With a plan to be a regional energy hub, Egypt is building a hydroelectricity power plant, a nuclear power plant, a wind farm, and solar power plants, aiming to increase its use of renewable energy to 22% by 2020. Experts see the government’s effort as impressive, they yet believe there are some issues that need to be tackled.
Katherine Poseidon, a policy analyst in Europe, Middle East, and Africa at Bloomberg, thinks that Egypt is one of the strongest markets in the Middle East for renewable energy, with different incentives for investments in the sector.
Poseidon is one of many experts attending the Solar and Wind Show 2019 in Cairo last week. The show is the region’s leading renewable energy conference and exhibition for policy-makers, utilities, local industry tycoons, and international technology experts to meet and discuss the most notable trends and important issues in the sector.
“Egypt now moved from a fixed feed-in tariff model to a more auctions and tenders’ model in the sector. I think it is very positive, the feed-in tariff in general has been useful in many markets, when renewable projects were seen as riskier. Now this is not definitely the case in Egypt, so moving toward more competitive mechanisms- auctions and tenders- makes prices go down, as Egypt has opportunities for developers to get involved in the market,” Poseidon added.
Bloomberg conducts a project annually in order to assess investment environments for renewable energy, looking at what the available opportunities across different markets. Egypt’s overall score went up this year. Poseidon sees the reasons behind this improvement are the electricity market reforms, ongoing legislation, and the moves toward electricity subsidy.
“Egypt is in position, where it could try to be a regional energy hub, in terms of renewable resources; the country has some of the best wind and solar resources globally, the challenge for Egypt will be to compete with other regional markets that have the same ambition,” Poseidon said.
“In the regional race, Egypt has such a dynamic growth according to forecasts. With the growing global power demand, Egypt has advantages in term of its resources and infrastructure, and it could act as a regional hub. The amount of capacity needed will have to be significant, because Egypt itself will need so much more power going forward and in order to export power as well, therefore massive capacity addition will be necessary,” Poseidon added.
Furthermore, Poseidon highlighted that there is no “prefect formula” which could be adopted by countries in the renewable energy sector, because every electricity market is different.

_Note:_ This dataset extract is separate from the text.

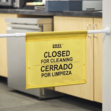 Door hangers, restroom cleaning-in-progress signs, barricade straps, stanchion signs, message placards

However, flexibility and adaptability to implement policies which respond to market conditions is probably the most important factor.
Gurmeet Kaur, a board member of the Middle East Solar Industry Association (MESIA), sees that the future of the energy sector for MENA countries including Egypt carries some challenges, one of them is that at night the supply of sunrays stops, so they need to find storage options to make it available 24/7.

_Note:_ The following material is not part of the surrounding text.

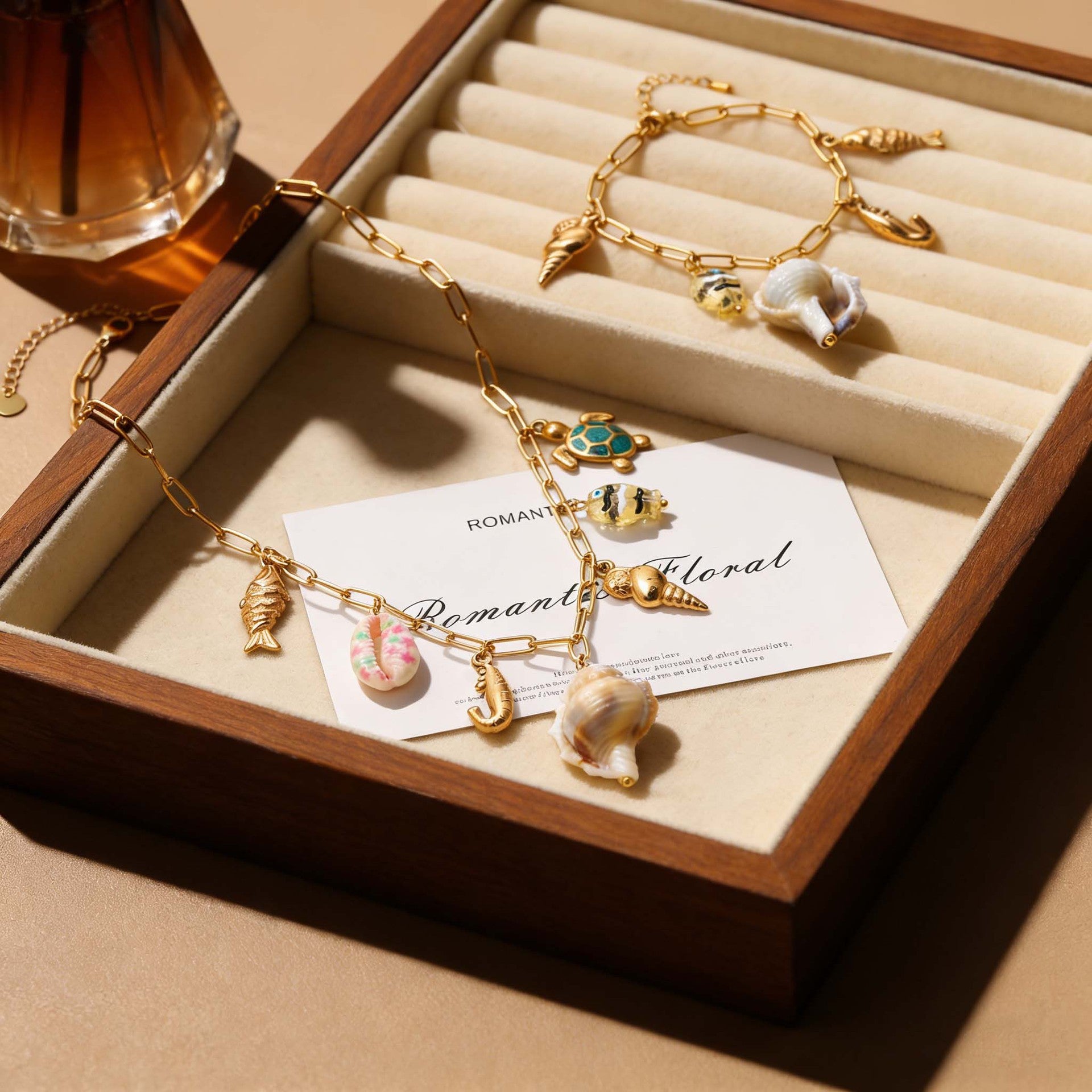 Bohemian-style conch shell necklace and bracelet

“Having a clear regulatory framework is very important, to put clear rules about how the solar projects are going to be tendered. They also should not forget to focus on encouraging smaller solar projects such as rooftop projects, because it is easier to produce the power and consume it at the same place,” she added.
Kaur pointed out that removal of electricity subsidies in regional countries will make consumers turn to renewable energy, because it is cheaper over time. “Our mission in MESIA is to promote solar energy solutions. We collaborate with the governments, including the Egyptian government, which is remarkable in what it has done in terms of developing the market and having a supportive environment for investment in the sector.”

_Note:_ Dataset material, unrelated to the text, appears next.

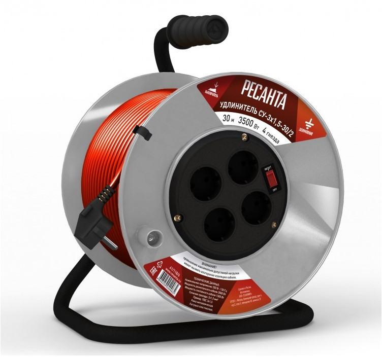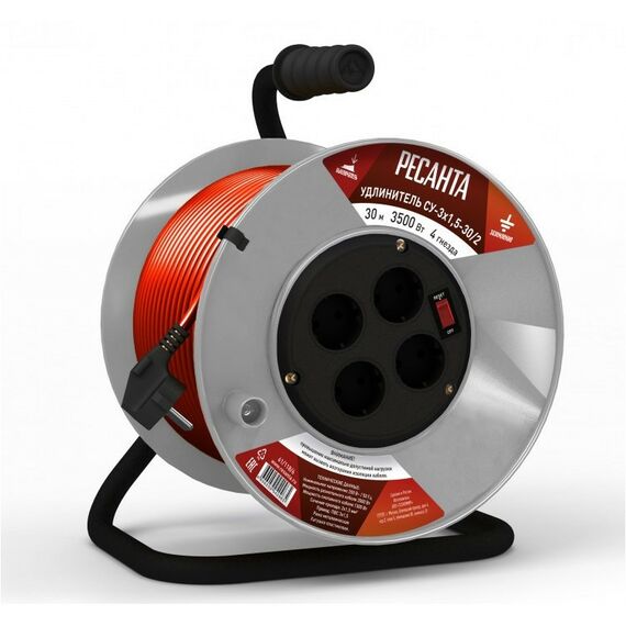 Удлинитель силовой на катушке РЕСАНТА СУ-3х1.5-30/2 30 м, ПВС, 3х1,5, 4 гнезда, пластиковая катушка, выключатель с тепловым реле [61/118/6]

According to Kaur, there are always improvements which could be done. In Egypt, she believes that permits and licences could be finished in less time, and more information could be made available to developers.
Additionally, she stated that the Middle East will have a mix between renewable energy and fossil fuels in the future. However, renewable energy will play a larger part in that mix, driven by the clear targets of the region’s governments.
Andrea Di Gregorio, the director at the Energy Efficiency and Renewables Office Municipality of Ras Al Khaimah, the UAE, thinks there is a massive opportunity for renewable energy in the MENA region, because of many factors. One is the availability of space for solar plants, another factor is solar intensity, so the possibility exists to benefit from a higher intensity solar power.
“This is leading to prices that are most competitive in the world, so I expect solar energy to take the lead in the future development, yet the question is whether the region’s countries will be able to completely rely on solar energy on the long term.” he said.
Gregorio believes that the future of energy sector in the region will witness increasing energy efficiency, since most MENA markets have committed to the UN Framework Convention on Climate Change, and are increasing the adoption of renewable energy, which will drive reduction of prices, therefore the prospect is very positive. “I think the Middle East will be a driver in global change,” he added.